Not sure if this is in the ball park but Lukacs’ History and Class Consciousness might be worth a read. Maybe, but again I am not sure, Lucien Goldmann: Is there a Marxist sociology? http://www.marxists.org/history/etol/newspape/isj/1968/no034/goldmann.htm

Comment from Calligula
Time May 31, 2011 at 8:31 pm

Tony –
What you mentioned about bricks and mortar.
In about 1996 we met with our bank requesting project funds.
We went into that meeting with Westpac armed with an ‘Official Purchase Order’ from the commonwealth government.

We’d sent in with a bid for tender with our Defence Department – and somehow won the tender.
All we wanted to do was have an assurance that our bank would lend us money in the very unlikely chance that they might need to cover us if we had a bit of a shortfall toward the end of project.
We asked them if they’d tide us over until the cheque came in.

What’s it called – risk management in project.

They told us that they refused outright to even countenance providing us with what amounted to be nothing more than a short term overdraft on our account – unless we offered them collateral – some form of ‘bricks and mortar’.

The overweening arseholes actually said that, the f—king traitors.

They also said that a scrap of paper issued by the commonwealth was worthless – not worthy of any consideration.
We had been in the ‘blue’ with them for just about forever.
I’m sure the commonwealth was in a similar situation at the time.

Who’s side are those creeps on?

The big question is -“Who are these arseholes?”
The next is – “Why are our political masters following that same destructive game?”
There is no point asking the next and bloody obvious – “Why aren’t Australians rebelling against this?”
That’s because they’ve given up in just about every field of endeavour.
Basically too shit scared to ask what’s happening – objecting to what’s happening is above their radar – above the scale – impossible for the poor weenies even to comprehend.

Read that.

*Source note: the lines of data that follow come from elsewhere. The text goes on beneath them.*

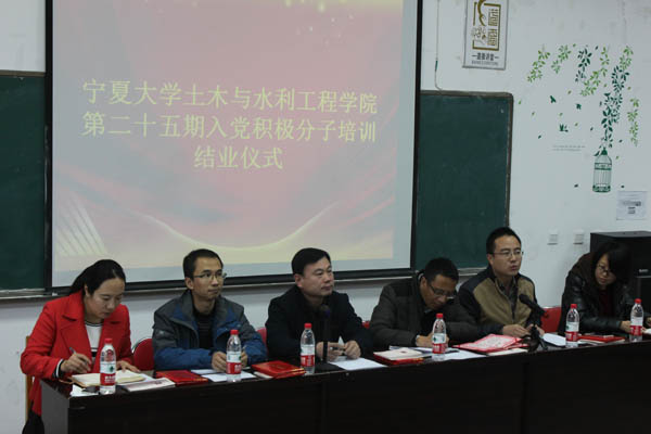 2015年11月4日中午,土木与水利工程学院第二十五期入党积极分子培训结业仪式在工科楼三楼阶梯教室隆重召开。出席此次结业仪式的领导有学院党委书记马正亮老师,党委副书记王德全老师、张强老师,学办主任郭利老师及各系党支部书记,119名入党积极分子参加了本次典礼。
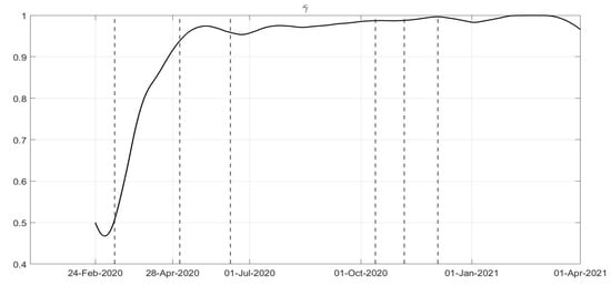 The approach adopted in this paper was to consider the model evolution influenced by the application of the containment measures since the very beginning of the analysis; this is reasonable as the data only started to be collected at the end of February 2020 with the introduction of measures of increasing severity [1]. All the actions , , are assumed between 0 and 1. Note that for the controls, the value 0 corresponds to the absence of any action, whereas 1 represents the maximum effort. The controls are multiplied by factors representing the effectiveness of the control; therefore, the identification of the containment measures is obtained once the evolutions of the quantities , , , , and are determined. Note that the meaning of the evolution of is opposite with respect to the corresponding one of : when the control is maximum (ideally equal to 1), the quantity has its minimum value (corresponding to the absence of contacts); similar consideration holds for the control and the quantity .
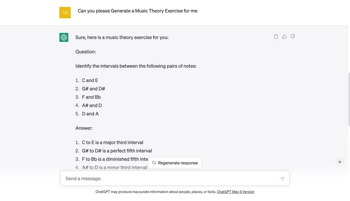 You can use ChatGPT to generate music theory exercises or technique exercises for your students! All you have to do is input the type of exercise they need, such as identifying chords or naming intervals. Then, ChatGPT will instantly create a customized exercise for your students to complete. As you know, these exercises can help your students practice their music theory skills and reinforce what they’ve learned in class. It’s such a quick and easy way to create worksheets for your students!
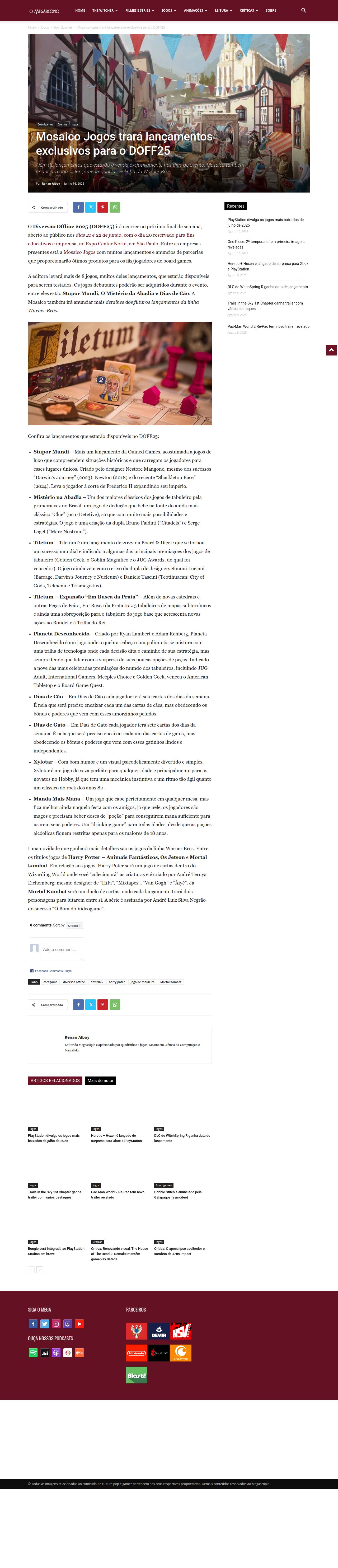 Mosaico Jogos trará lançamentos exclusivos para o DOFF25 - O Megascópio
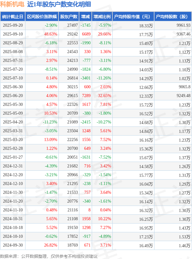 从股价来看,2025年9月10日至2025年9月20日,科新机电区间跌幅为2.9%,在此期间股东户数减少1745.0户,减幅为5.97%。
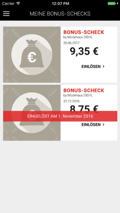 Meine Kundenkarte anzeigen: Mit dieser Funktion sammeln Sie bei uns Ihren Umsatz-Bonus für den nächsten Bonus-Scheck. Ihre Karte wird überflüssig.
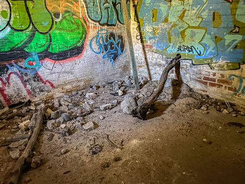 The bunker is constructed with double-bricked walls and concrete. A number of open brick windows allow for ventilation and to provide low level observation. The inside walls have been covered with graffiti, with the earliest date scratched into the entrance doors dated 19 June 1949.

I’m beginning to read like Arthur!

Comment from Tony
Time May 31, 2011 at 9:43 pm

Calligula: This will probably ring a bell with you (you may need to click SHOW), http://www.abc.net.au/rn/ockhamsrazor/stories/1998/11377.htm

Comment from Calligula
Time June 1, 2011 at 7:06 pm

Had no trouble opening the URL monologue Tony.

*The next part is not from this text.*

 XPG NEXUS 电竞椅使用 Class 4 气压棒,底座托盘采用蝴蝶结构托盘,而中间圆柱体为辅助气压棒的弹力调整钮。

Bless you for digging it up.
I’ve tried to read it but it sends my blood pressure soaring up there with the eagles.

Not your fault but these ‘wordmiths’ have never had to beat a lump of steel toward behaving itself in man’s favour.

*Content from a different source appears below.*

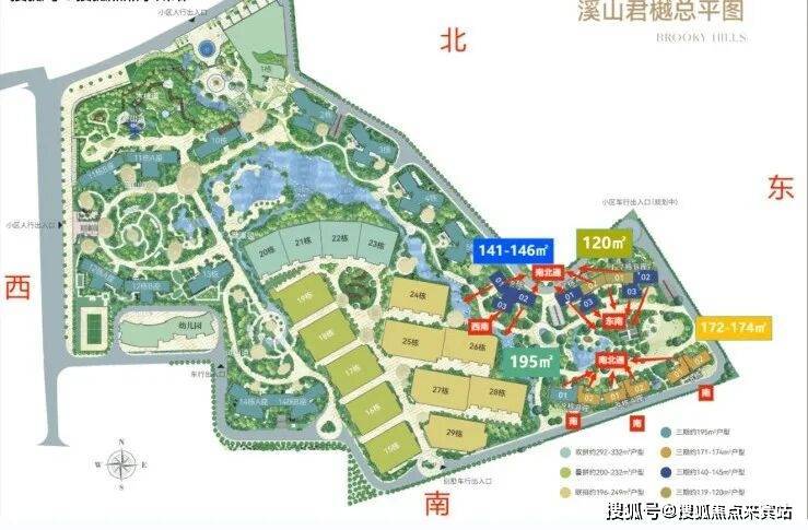 面积:120-195㎡4-5房;车位比:1700多个,1:1.15
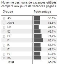 Le tableau du nombre moyen de jours de congé utilisés par rapport aux jours accumulés indique le pourcentage de jours de congé utilisés par rapport aux jours accumulés selon le groupe. Les pourcentages sont les suivants : 56,1 % pour les AS; 44,1 % pour les CR; 62,7 % pour les EC; 71,4 % pour les EX; 85,4 % pour les FI; 61,6 % pour les IS; 69,1 % pour les IT; 56,6 % pour autres; 60,4 % pour les PE et 65,5 % pour les PM, avec une moyenne totale de 62,8 % pour les jours de congés accumulés contre les jours utilisés.

Sorry. It sounds good but ‘their’ pretence is crap in the shortrun.

Why?

Because idiots like me have been there – done this or that – and after this or that has been ignored by a universe of professional wordsmiths.
In their estimation real achievers never rate any mention whatsoever.

Ha – what a f–king joke.

Now I am a wordsmith! Now I try to be.
Once I was a creator of beautiful, useful and sublime machinery that once brought joy to both the connoisseur and the militarist maniac.
That age is past thanks to Howard, that wozzisname?-Rudd.
And now the Gillard/Abbott coalition.

Gillard/Abbott coalition?
Can’t get a grip on that, can you, people?
As it happens I can’t either.
In fact I don’t only FEEL betrayed. I know that I have BEEN betrayed along with most of the population.
So faced with such base betrayal – it affords me nothing (despite Tony’s best intentions) to sift through and tease out some excuse put together by one of the tools of the oligarchy like Mr friggin’, goddamned,crosseyed, dope smokin’, coke snortin’, smartarse, Mr. Global Warming Robyn Williams.
Don’t mistake me, Williams is central to our life on Sunday morning. We take bets whether he will mention global warming or come out with another ‘poo joke’ first.
We have a fiver on it – whichever is first and thus decide which of us shouts Sunday lunch.
Thus, in the common order of things, men like Williams are important – in their humble way offer much to the progress of our life.